* **AIM OF THE EXERCISE**:
An exact transcription is needed of the lines below from the one with "This charming, new" through the one with "U Bakračima će", with no other lines and no pictures.

* **RAW DATA**:
[Start of Attachment]

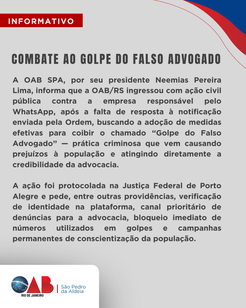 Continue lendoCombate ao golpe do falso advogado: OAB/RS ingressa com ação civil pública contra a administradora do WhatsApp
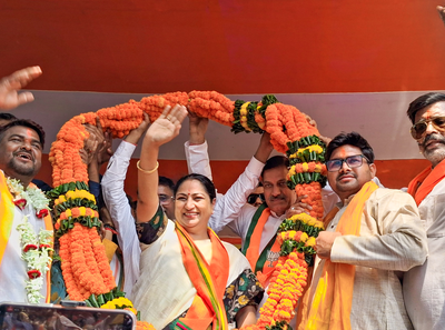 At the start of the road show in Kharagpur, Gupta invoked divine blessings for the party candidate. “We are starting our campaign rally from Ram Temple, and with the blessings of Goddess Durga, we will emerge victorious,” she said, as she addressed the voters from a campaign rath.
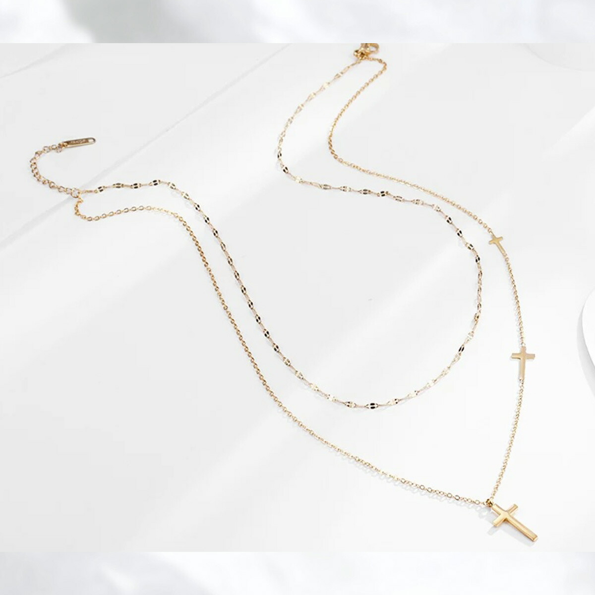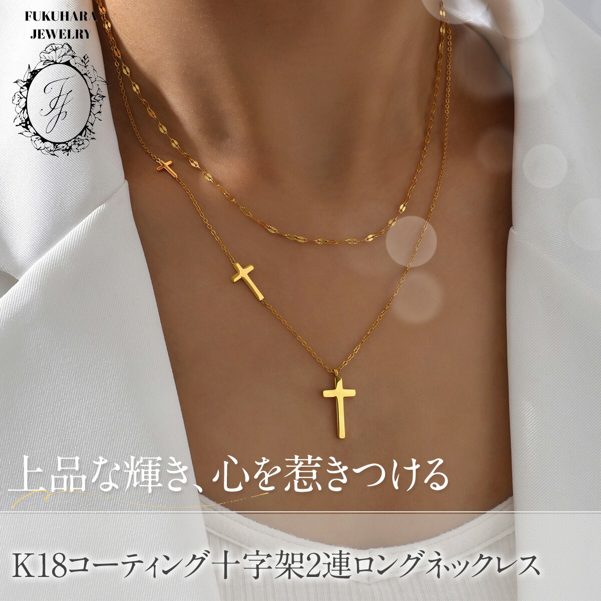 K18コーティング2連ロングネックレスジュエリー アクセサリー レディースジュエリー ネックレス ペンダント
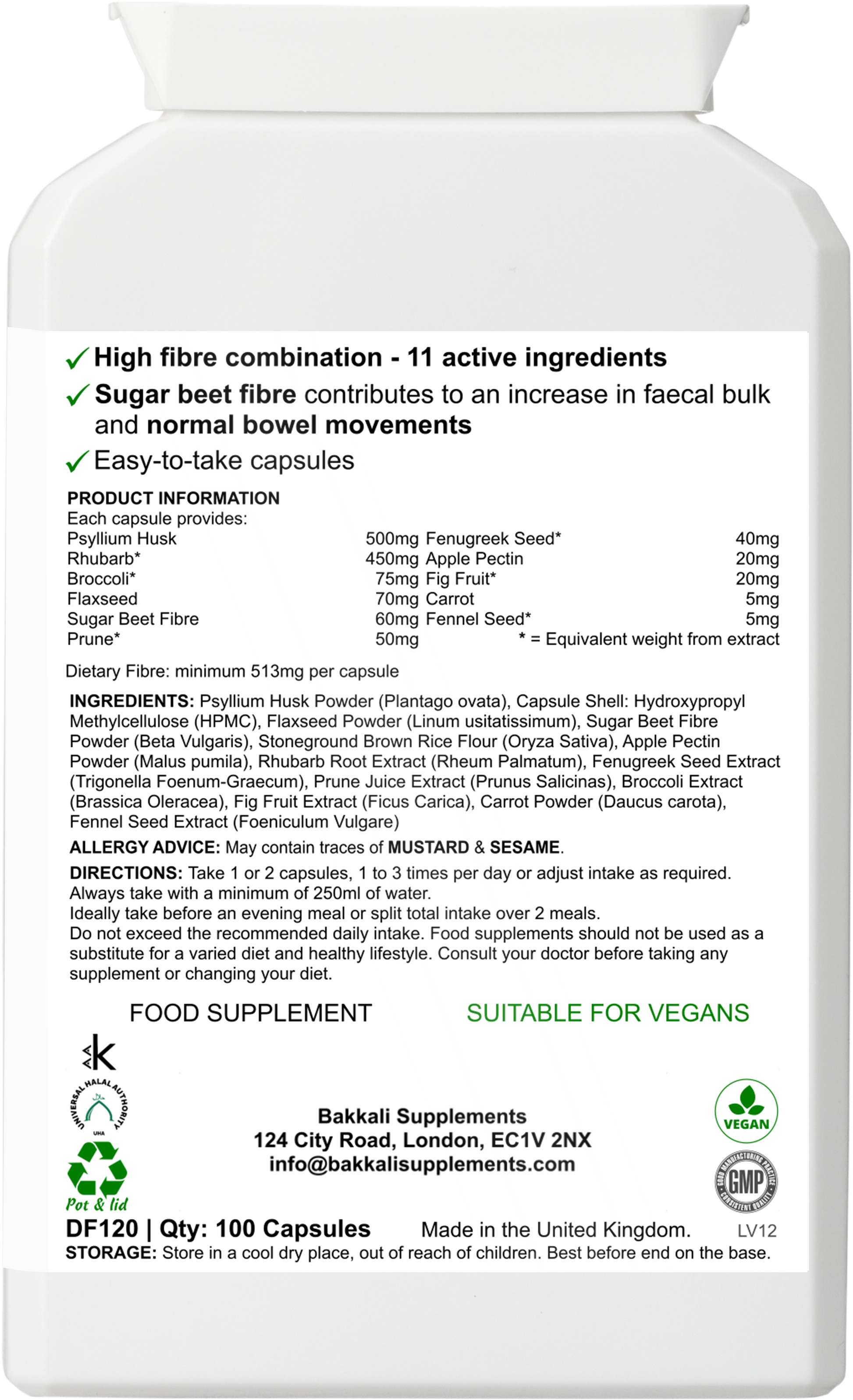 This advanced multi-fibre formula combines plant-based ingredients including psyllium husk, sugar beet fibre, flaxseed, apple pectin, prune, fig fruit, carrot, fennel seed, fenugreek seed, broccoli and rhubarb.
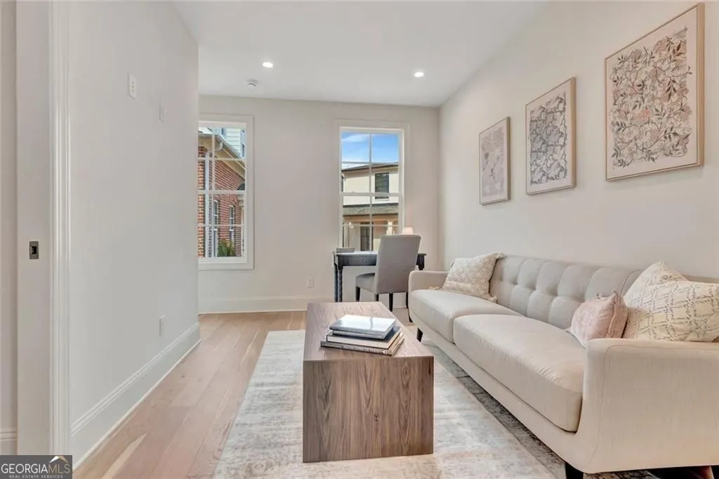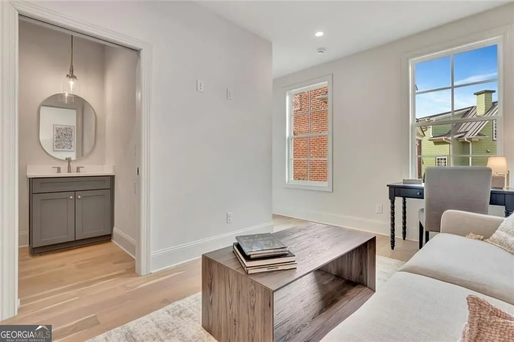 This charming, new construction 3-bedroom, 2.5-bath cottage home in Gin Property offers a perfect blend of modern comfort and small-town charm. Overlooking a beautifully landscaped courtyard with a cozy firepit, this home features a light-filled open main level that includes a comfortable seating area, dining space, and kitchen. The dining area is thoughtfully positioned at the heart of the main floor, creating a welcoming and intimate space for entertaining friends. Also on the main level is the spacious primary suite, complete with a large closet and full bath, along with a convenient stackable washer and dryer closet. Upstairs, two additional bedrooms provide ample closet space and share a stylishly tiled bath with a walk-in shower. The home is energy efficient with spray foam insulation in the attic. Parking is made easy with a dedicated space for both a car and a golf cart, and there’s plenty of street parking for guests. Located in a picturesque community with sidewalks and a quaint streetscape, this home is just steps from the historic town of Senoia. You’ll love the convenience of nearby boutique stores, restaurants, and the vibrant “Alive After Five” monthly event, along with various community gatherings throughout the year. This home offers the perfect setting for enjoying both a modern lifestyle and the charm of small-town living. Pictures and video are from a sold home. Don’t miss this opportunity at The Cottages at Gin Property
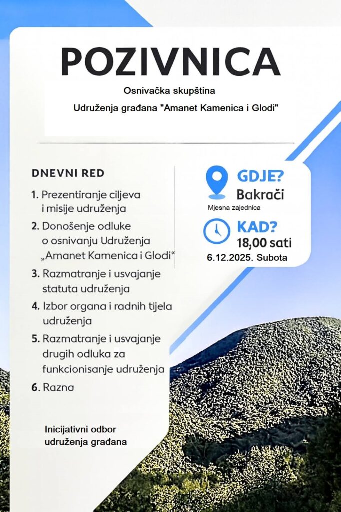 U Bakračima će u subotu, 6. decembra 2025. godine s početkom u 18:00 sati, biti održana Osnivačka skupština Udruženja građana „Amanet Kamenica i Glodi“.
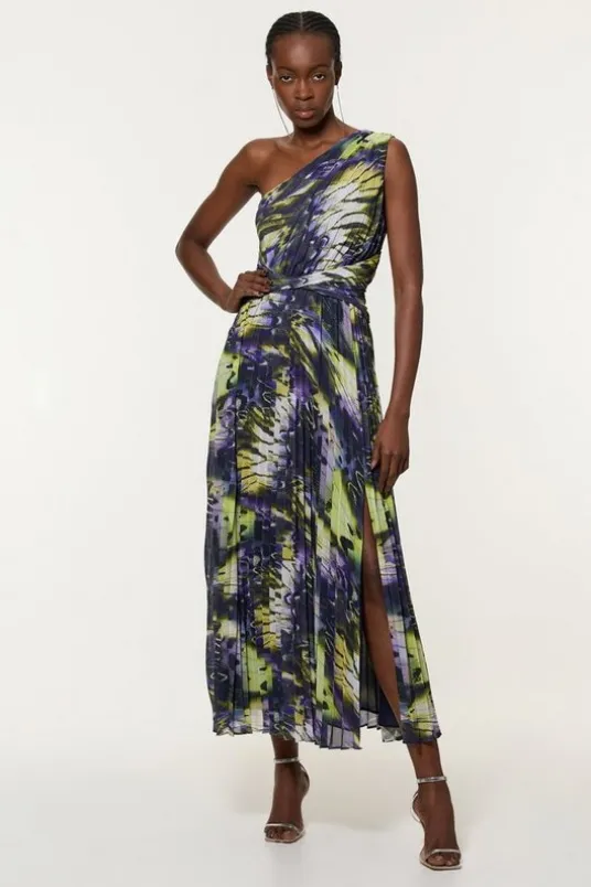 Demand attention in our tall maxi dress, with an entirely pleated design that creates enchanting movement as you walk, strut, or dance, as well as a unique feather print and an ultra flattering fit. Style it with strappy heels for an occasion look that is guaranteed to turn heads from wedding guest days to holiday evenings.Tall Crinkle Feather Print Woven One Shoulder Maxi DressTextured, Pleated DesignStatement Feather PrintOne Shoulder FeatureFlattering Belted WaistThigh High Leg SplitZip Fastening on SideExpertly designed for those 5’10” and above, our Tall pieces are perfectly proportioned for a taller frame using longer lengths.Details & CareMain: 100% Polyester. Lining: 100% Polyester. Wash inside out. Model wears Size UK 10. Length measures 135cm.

[End of Attachment]
[Start of Attachment]

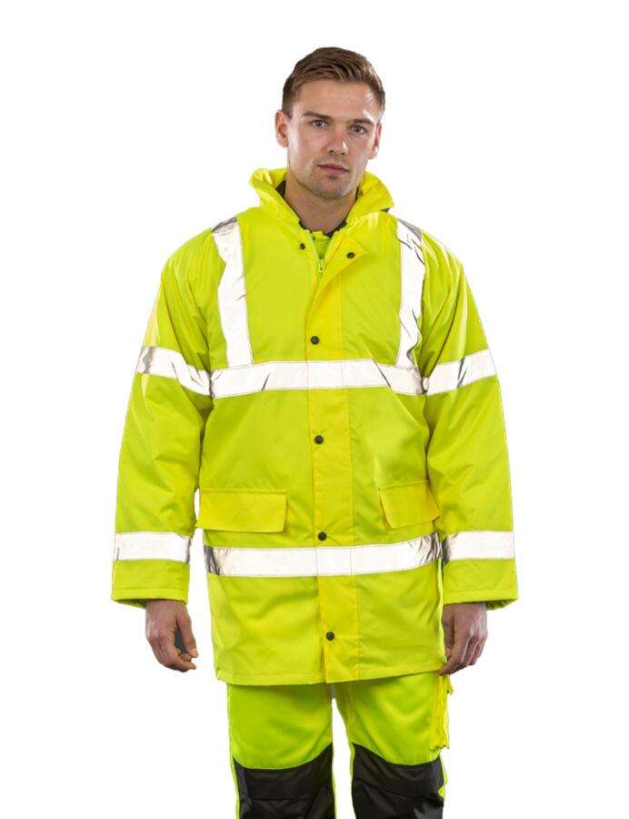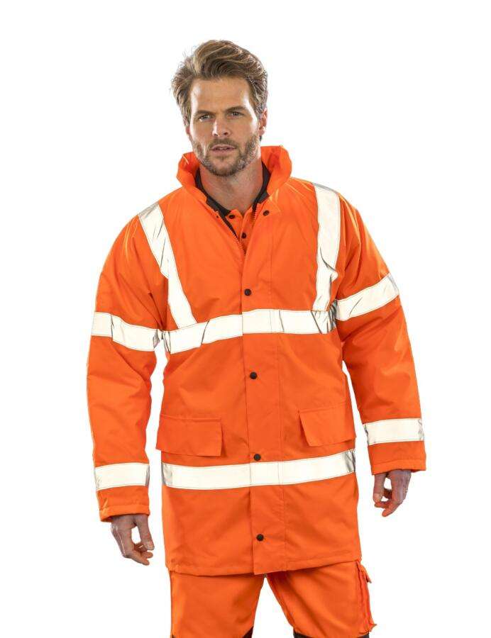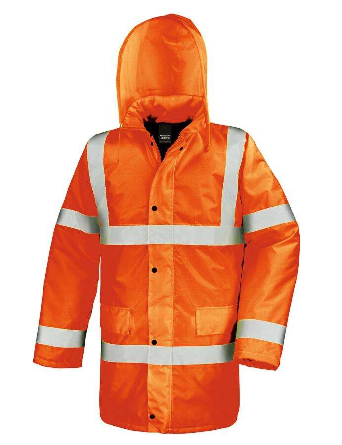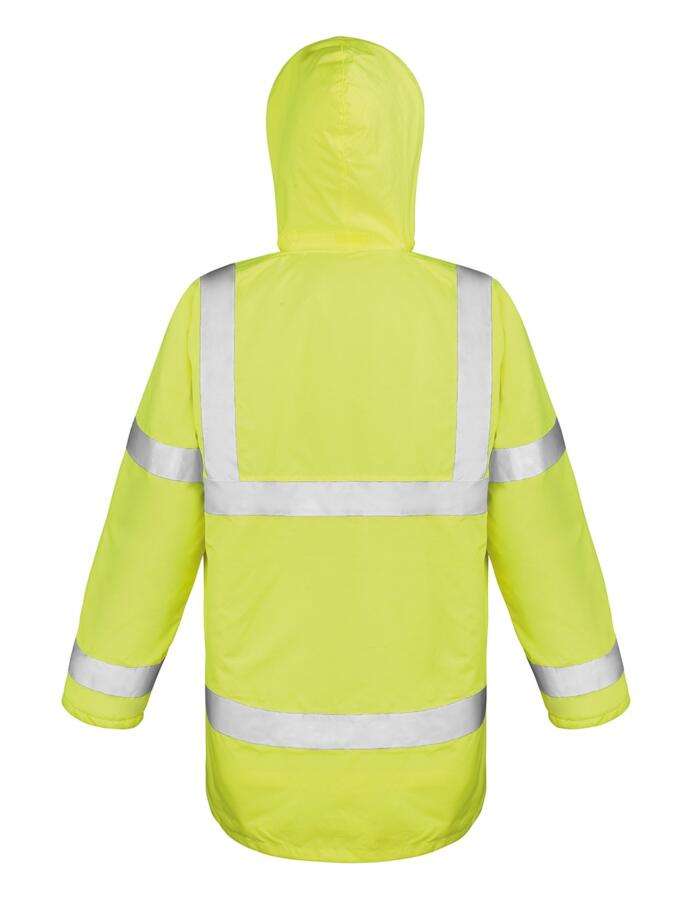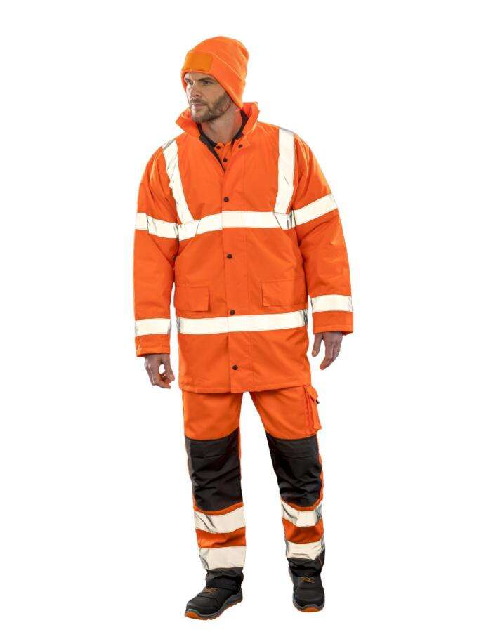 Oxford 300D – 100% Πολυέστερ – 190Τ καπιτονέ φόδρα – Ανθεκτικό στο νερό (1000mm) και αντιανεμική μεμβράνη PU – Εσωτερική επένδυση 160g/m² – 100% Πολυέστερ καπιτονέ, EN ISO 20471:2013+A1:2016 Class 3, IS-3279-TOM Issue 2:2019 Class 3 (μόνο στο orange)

[End of Attachment]

* **TASK RESULT**:
 This charming, new construction 3-bedroom, 2.5-bath cottage home in Gin Property offers a perfect blend of modern comfort and small-town charm. Overlooking a beautifully landscaped courtyard with a cozy firepit, this home features a light-filled open main level that includes a comfortable seating area, dining space, and kitchen. The dining area is thoughtfully positioned at the heart of the main floor, creating a welcoming and intimate space for entertaining friends. Also on the main level is the spacious primary suite, complete with a large closet and full bath, along with a convenient stackable washer and dryer closet. Upstairs, two additional bedrooms provide ample closet space and share a stylishly tiled bath with a walk-in shower. The home is energy efficient with spray foam insulation in the attic. Parking is made easy with a dedicated space for both a car and a golf cart, and there’s plenty of street parking for guests. Located in a picturesque community with sidewalks and a quaint streetscape, this home is just steps from the historic town of Senoia. You’ll love the convenience of nearby boutique stores, restaurants, and the vibrant “Alive After Five” monthly event, along with various community gatherings throughout the year. This home offers the perfect setting for enjoying both a modern lifestyle and the charm of small-town living. Pictures and video are from a sold home. Don’t miss this opportunity at The Cottages at Gin Property
 U Bakračima će u subotu, 6. decembra 2025. godine s početkom u 18:00 sati, biti održana Osnivačka skupština Udruženja građana „Amanet Kamenica i Glodi“.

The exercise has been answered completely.